The takeaway is that the primary colors and mixing principles for pigments vs. light are very different. This stems from the subtractive vs. additive physics underlying how color is produced with each. So don’t be surprised if mixing two colors of light doesn’t give the same result as mixing corresponding paints!

Other Interesting Mixes of Light Color

The red and blue combination is just the start of investigating additive color mixing. Combining other pure hues of light leads to additional counterintuitive results. Here are some other examples:

  • Green + Red light = Yellow. This is because when all wavelengths except blue are present, we see yellow.
  • Green + Blue light = Cyan (blue-green). Cyan lacks red wavelengths.
  • Red + Green + Blue light = White. All wavelengths together make white light.

Understanding these sometimes non-intuitive results requires digging into concepts in physics, visual perception, color theory and psychology. But the takeaway is that mixing colors of light follows very different rules than mixing pigmented colors.

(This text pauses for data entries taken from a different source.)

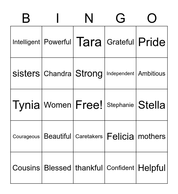 This bingo card has a free space and 24 words: Cousins, Beautiful, Strong, Confident, Pride, Intelligent, Powerful, Tara, Stephanie, Stella, Tynia, Chandra, Felicia, mothers, sisters, Blessed, thankful, Grateful, Ambitious, Courageous, Women, Caretakers, Independent and Helpful.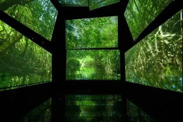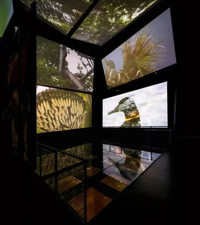 在入口处,14米高的彩色玻璃墙中,展示着由当地科学家们收集的巴拿马植物及动物照片。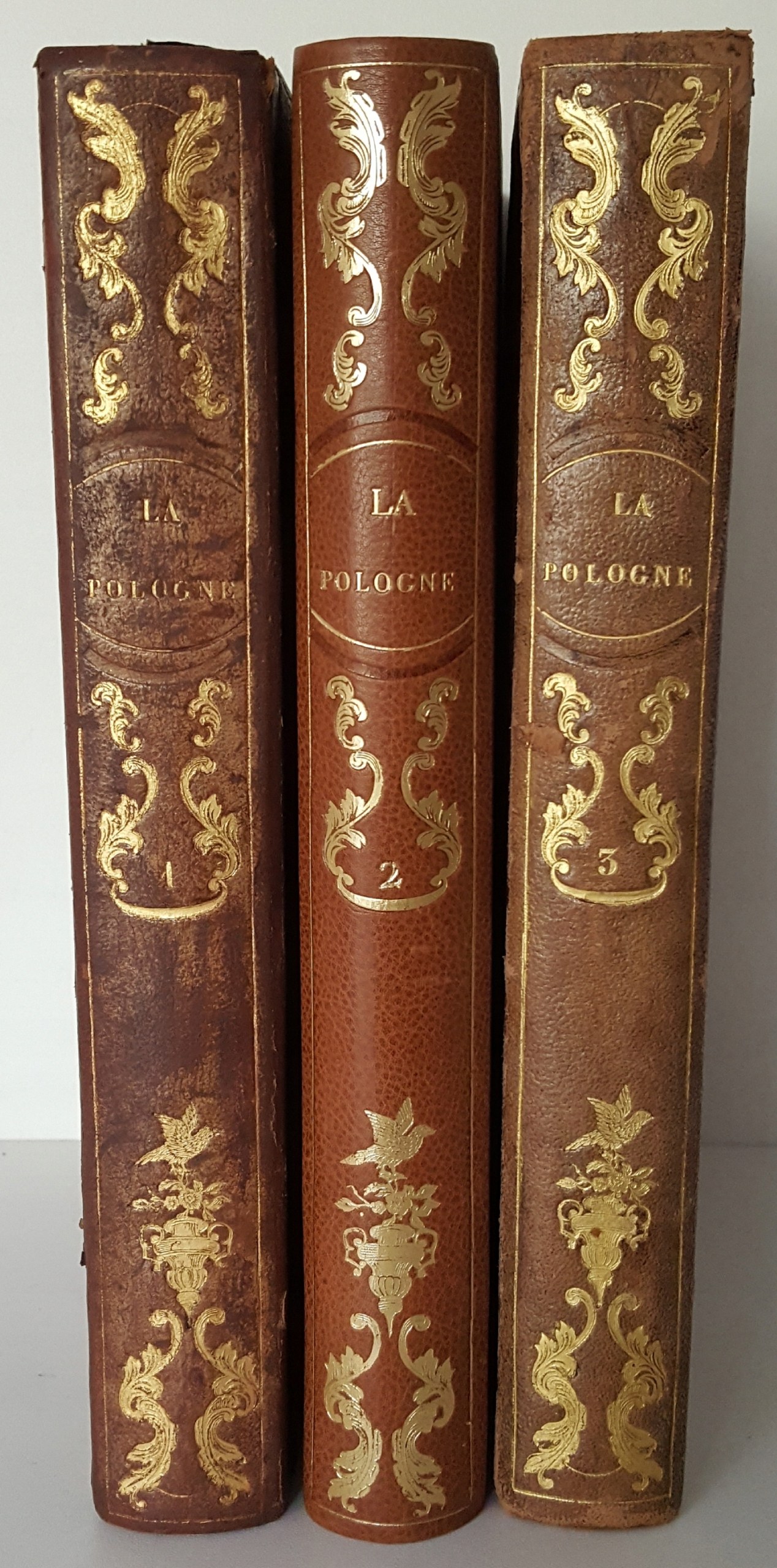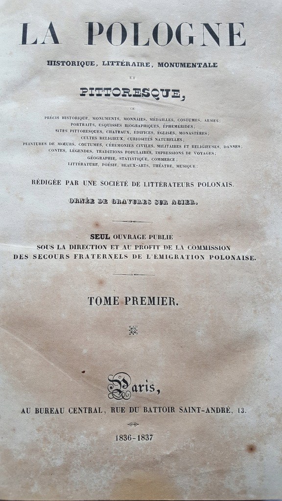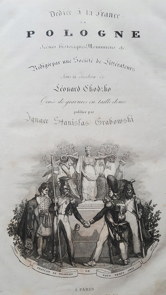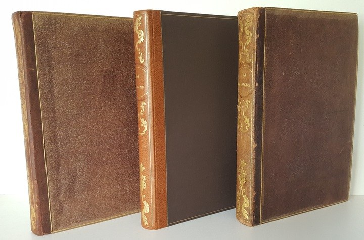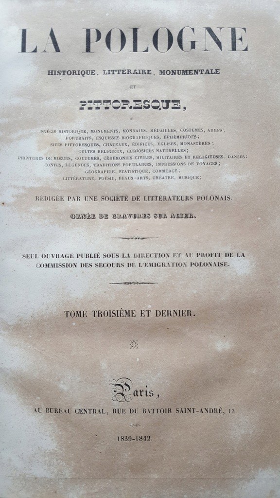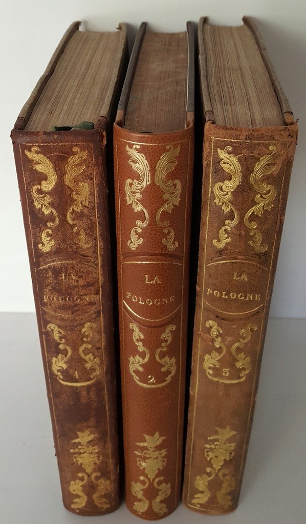 Opracowanie Polskiego Towarzystwa Literackiego. Ozdobione stalorytami. Wydane Au Bureau Central, Paryż 1836-1842.Wym. 28,5x19,4 cm ; stron 480+480+480. Oprawa oryginalna z epoki w tomach I i III, w tomie II oprawa współcześnie dorabiana na wzór oryginalnej, półskórek z pięknie zdobionym grzbietem(znaczne przetarcia grzbietu w tomie III, otarcia grzbietu w tomie I). Marmoryzowane obcięcia kart w tomie II.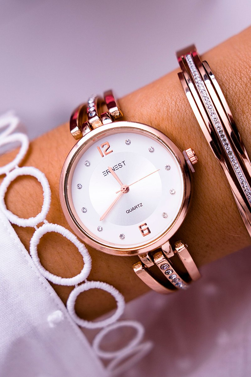 Damski Zegarek Ernest Cyrkonie Różowe Złoto Alendi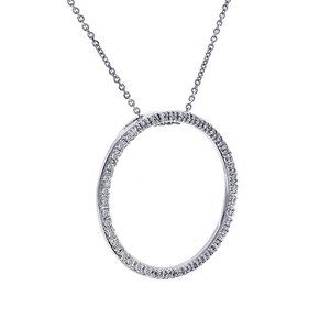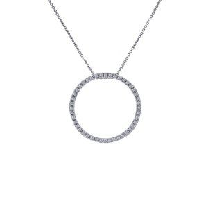 Perfect for your unique true love, this diamond eternity pendant crafted in 14K white gold and contains 0.45 carat (total carat diamond) of round brilliant diamonds, color/clarity is H-I/I1, in a prong setting. Pendant comes with 16" 14K white gold chain, secure with a lobster claw clasp and weighs 5.2 grams. Diameter is 29.8 mm, height is 5.1 mm. Great present, the beautiful pendant can be worn at all occasions.

Applications of Additive Color Mixing

The principles of additive color have many high-tech applications today. LCD and OLED screens mix red, green and blue light to create sharp, brilliant displays. Full color LED lighting systems can produce any hue. Stage lighting rigs allow intricate mixes of color using red, green, blue and other LEDs. Even laser light shows work by scanning and mixing different laser wavelengths.

Conclusion

Does combining blue and red light make purple? While mixing blue and red pigments makes a purple hue as expected, the same is not true for light. Because of the physics of light and color vision, blue and red light mix to create magenta. True violet light can only be produced by careful selection of blue and red wavelengths. This reveals some fascinating aspects of visual perception and reminds us that with light, color mixing follows an entirely different set of rules compared to pigments.